1. The decision to create Polish Cyberspace Defence Forces seems natural taking into consideration the role of technology and IT on the current battlefield. The large-scale Russian invasion against Ukraine only confirmed that cyberspace has become the next area of battlefield. It also confirms that the decision to set up a cyber component in the Armed Forces was right as the number of cyberattacks attempts against military systems in 2022 significantly increased in comparison to 2021. Thus, the Polish Cyberspace Defence Forces should continue their development.
2. The Polish Cyberspace Defence Forces must learn the lesson from the role of cyber in the Russian invasion of Ukraine. Therefore, the close contact with Ukrainian counterparts should be continued and developed and Polish cyber units should be engaged into the activities on the cyber exercise range. The frequent training and consultations are vital and allow Polish structures to prepare better against Russian cyberattacks attempts and better understand the role of cyber on the current battlefield. Especially by looking at the example of cyberattack effectiveness but also the limitations of operations in cyber space.
3. The continuation of international cooperation is extremely important as cybersecurity is a team play. It will be important to establish relations with countries such as South Korea, Japan and Taiwan, which have a vast expertise on Chinese cyber groups, which alongside Russian groups are the most daunting challenge for Poland and the Western World.
4. Polish Cyberspace Defence Forces must be more transparent in order to attract more people to join. The scope and tasks should be more elaborate because one of the most common causes of leaving cyber military structures or a lack of interest in serving there is boredom and lack of interesting tasks.
5. Polish Cyberspace Defence Forces will not be able to propose better salaries than private sectors. However, they can create an image of elite prestigious components, which attract people and make them very competitive on the commercial market later.
6. Cyber components must be integrated into joint warfare and cooperate closely with other branches of Armed Forces as cyber serves as an enabler and force multiplier for other forces. It should be practiced during military drills.
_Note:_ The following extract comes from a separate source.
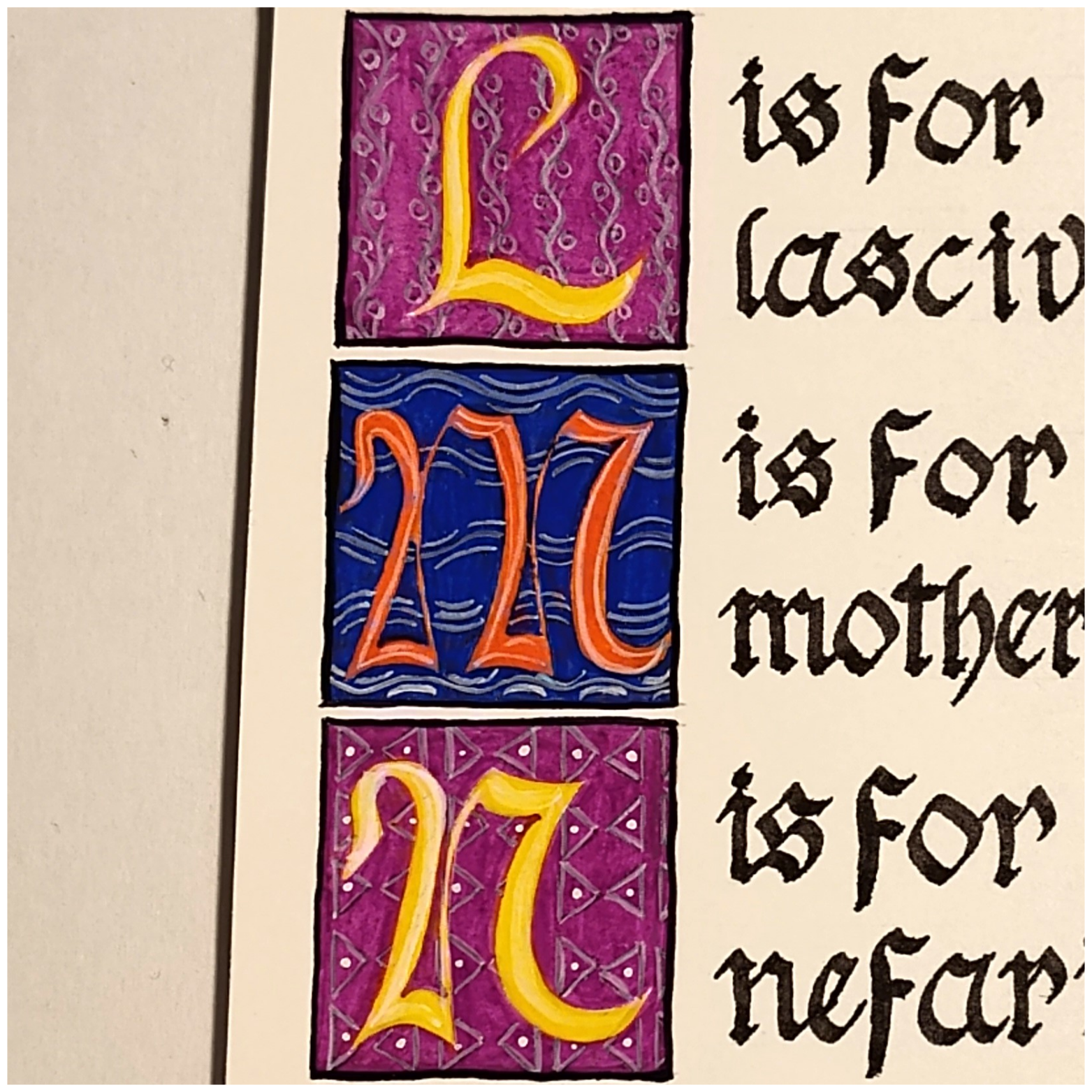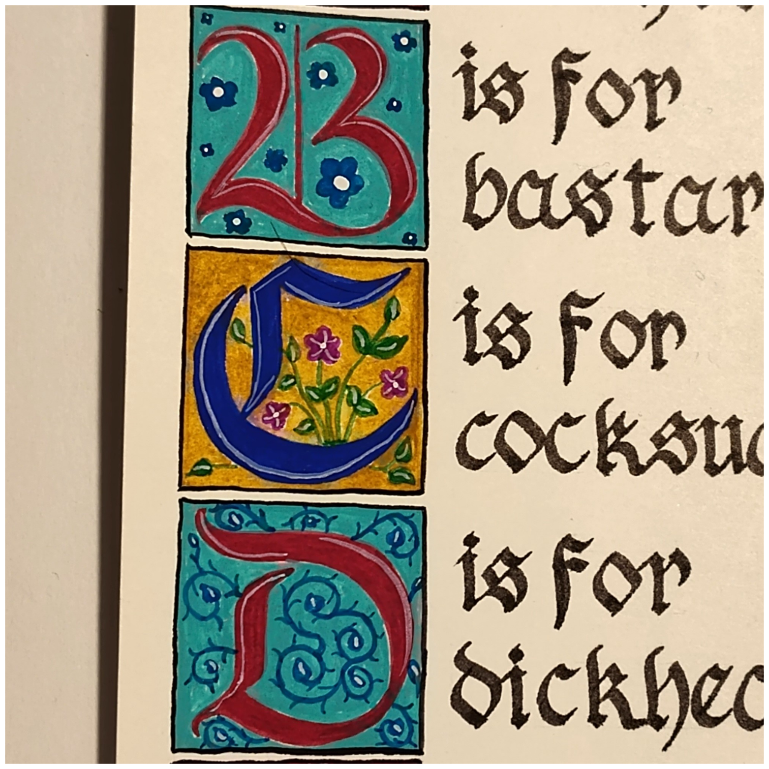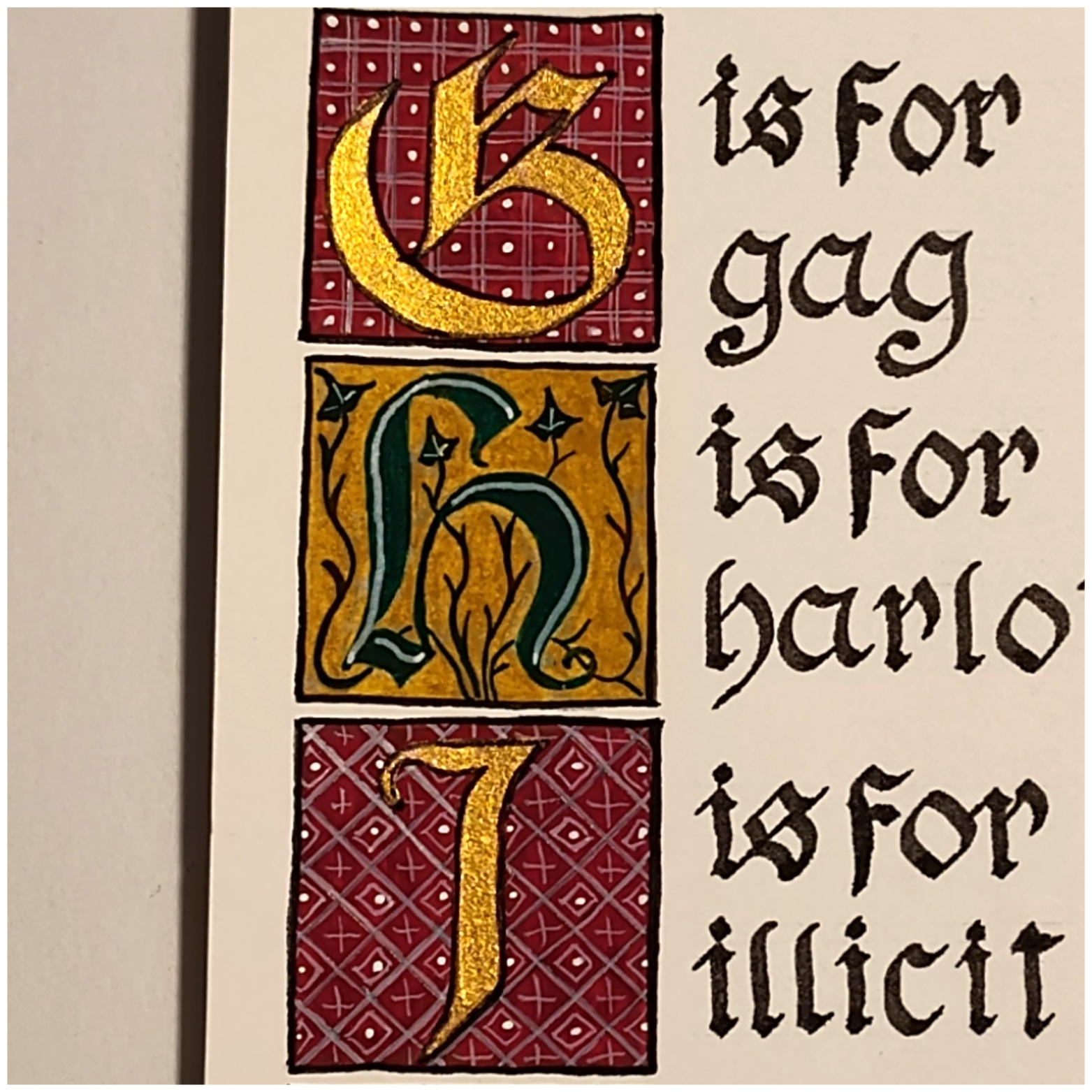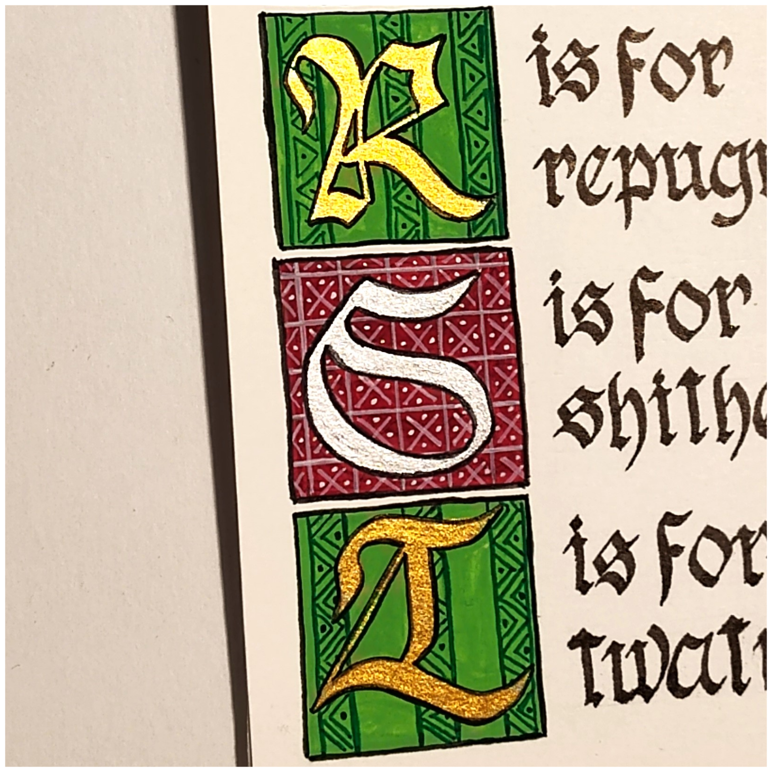 Each letter is inside a 1″ square with individual designs and took almost an hour to paint. The metallic gold and silver paints shine brightly in the originals and each set of letters stands well on its own or the entire set can be purchased, then framed and grouped into a lovely display…as long as small children aren’t around.
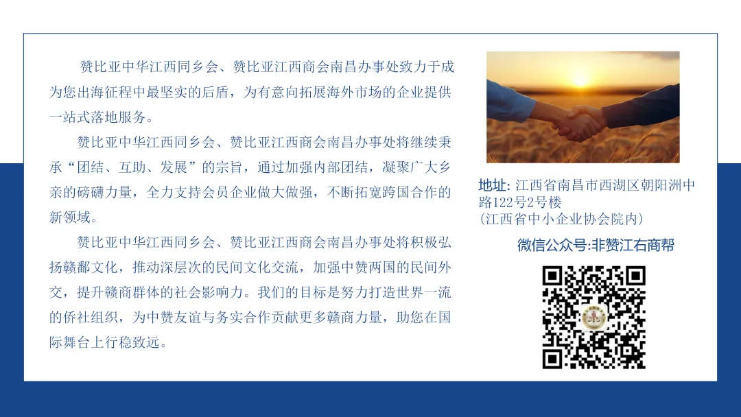 >赞比亚中华江西同乡会、赞比亚江西商会南昌办事处简介

Author: Andrzej Kozłowski, Head of Research Office, Casimir Pulaski Foundation

[1] Operation Buckshot Yankee was a 14-month operation to eliminate the malicious code which was put into a USG port from a laptop in the United States Central Command. It was one of the most serious incidents in the history of the US military.

[2] The Article 3 of The North Atlantic Treaty: “In order more effectively to achieve the objectives of this Treaty, the Parties, separately and jointly, by means of continuous and effective self-help and mutual aid, will maintain and develop their individual and collective capacity to resist armed attack”.